START Records provided

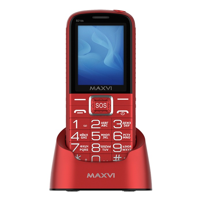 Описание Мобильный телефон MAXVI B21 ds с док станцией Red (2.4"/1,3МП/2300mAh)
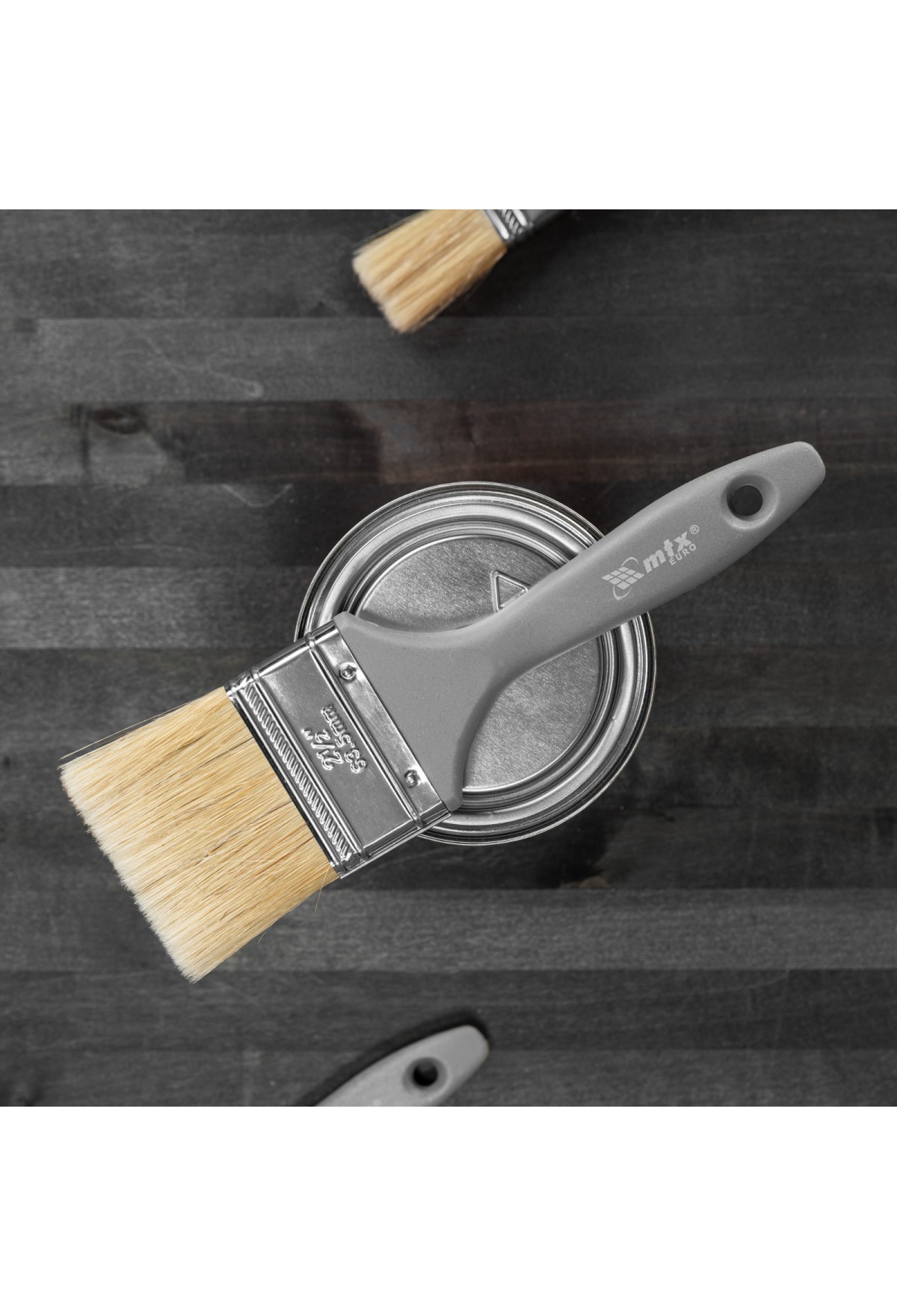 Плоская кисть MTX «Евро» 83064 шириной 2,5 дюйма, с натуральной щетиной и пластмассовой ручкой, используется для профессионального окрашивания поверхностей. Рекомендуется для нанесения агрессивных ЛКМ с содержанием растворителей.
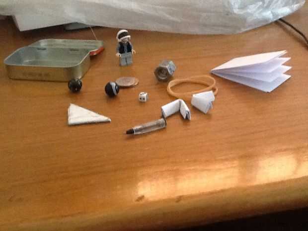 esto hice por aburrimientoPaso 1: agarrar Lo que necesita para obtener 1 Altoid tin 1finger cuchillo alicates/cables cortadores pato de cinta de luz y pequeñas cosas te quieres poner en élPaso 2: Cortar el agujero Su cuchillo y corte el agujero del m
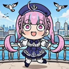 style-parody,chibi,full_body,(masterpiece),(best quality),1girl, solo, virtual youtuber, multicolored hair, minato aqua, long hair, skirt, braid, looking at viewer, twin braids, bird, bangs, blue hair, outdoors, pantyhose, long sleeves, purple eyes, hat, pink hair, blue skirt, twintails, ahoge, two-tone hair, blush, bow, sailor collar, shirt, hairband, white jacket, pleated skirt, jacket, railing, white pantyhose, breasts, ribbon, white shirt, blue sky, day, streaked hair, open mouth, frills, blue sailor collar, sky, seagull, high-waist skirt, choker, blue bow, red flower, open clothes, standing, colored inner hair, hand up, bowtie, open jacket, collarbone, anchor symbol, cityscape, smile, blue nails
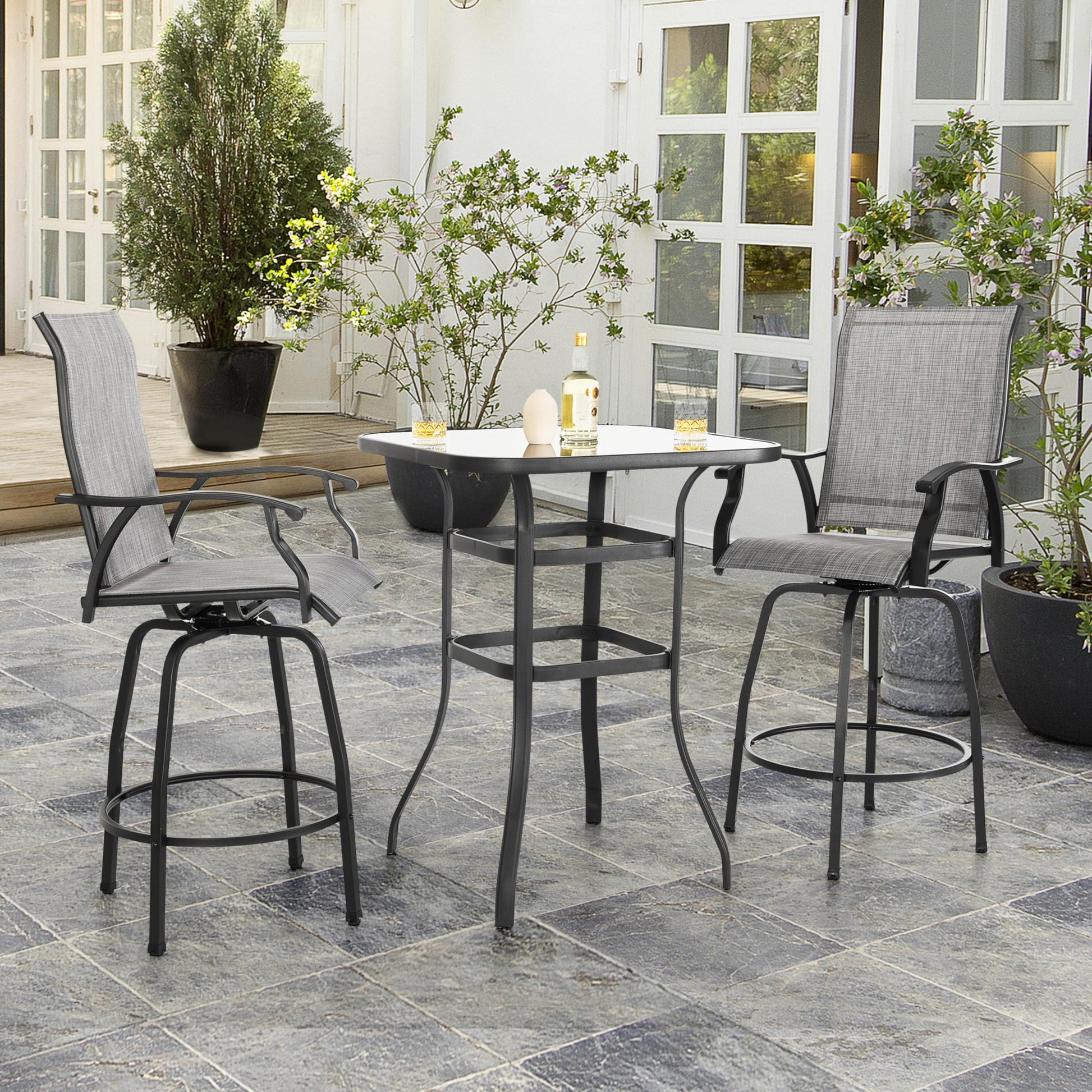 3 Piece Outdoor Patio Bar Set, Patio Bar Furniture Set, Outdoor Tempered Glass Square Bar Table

END Records provided

**Brief:** Could you copy out every record exactly, minus the pictures?

**Solution to this exercise:**
 Описание Мобильный телефон MAXVI B21 ds с док станцией Red (2.4"/1,3МП/2300mAh)
 Плоская кисть MTX «Евро» 83064 шириной 2,5 дюйма, с натуральной щетиной и пластмассовой ручкой, используется для профессионального окрашивания поверхностей. Рекомендуется для нанесения агрессивных ЛКМ с содержанием растворителей.
 esto hice por aburrimientoPaso 1: agarrar Lo que necesita para obtener 1 Altoid tin 1finger cuchillo alicates/cables cortadores pato de cinta de luz y pequeñas cosas te quieres poner en élPaso 2: Cortar el agujero Su cuchillo y corte el agujero del m
 style-parody,chibi,full_body,(masterpiece),(best quality),1girl, solo, virtual youtuber, multicolored hair, minato aqua, long hair, skirt, braid, looking at viewer, twin braids, bird, bangs, blue hair, outdoors, pantyhose, long sleeves, purple eyes, hat, pink hair, blue skirt, twintails, ahoge, two-tone hair, blush, bow, sailor collar, shirt, hairband, white jacket, pleated skirt, jacket, railing, white pantyhose, breasts, ribbon, white shirt, blue sky, day, streaked hair, open mouth, frills, blue sailor collar, sky, seagull, high-waist skirt, choker, blue bow, red flower, open clothes, standing, colored inner hair, hand up, bowtie, open jacket, collarbone, anchor symbol, cityscape, smile, blue nails
 3 Piece Outdoor Patio Bar Set, Patio Bar Furniture Set, Outdoor Tempered Glass Square Bar Table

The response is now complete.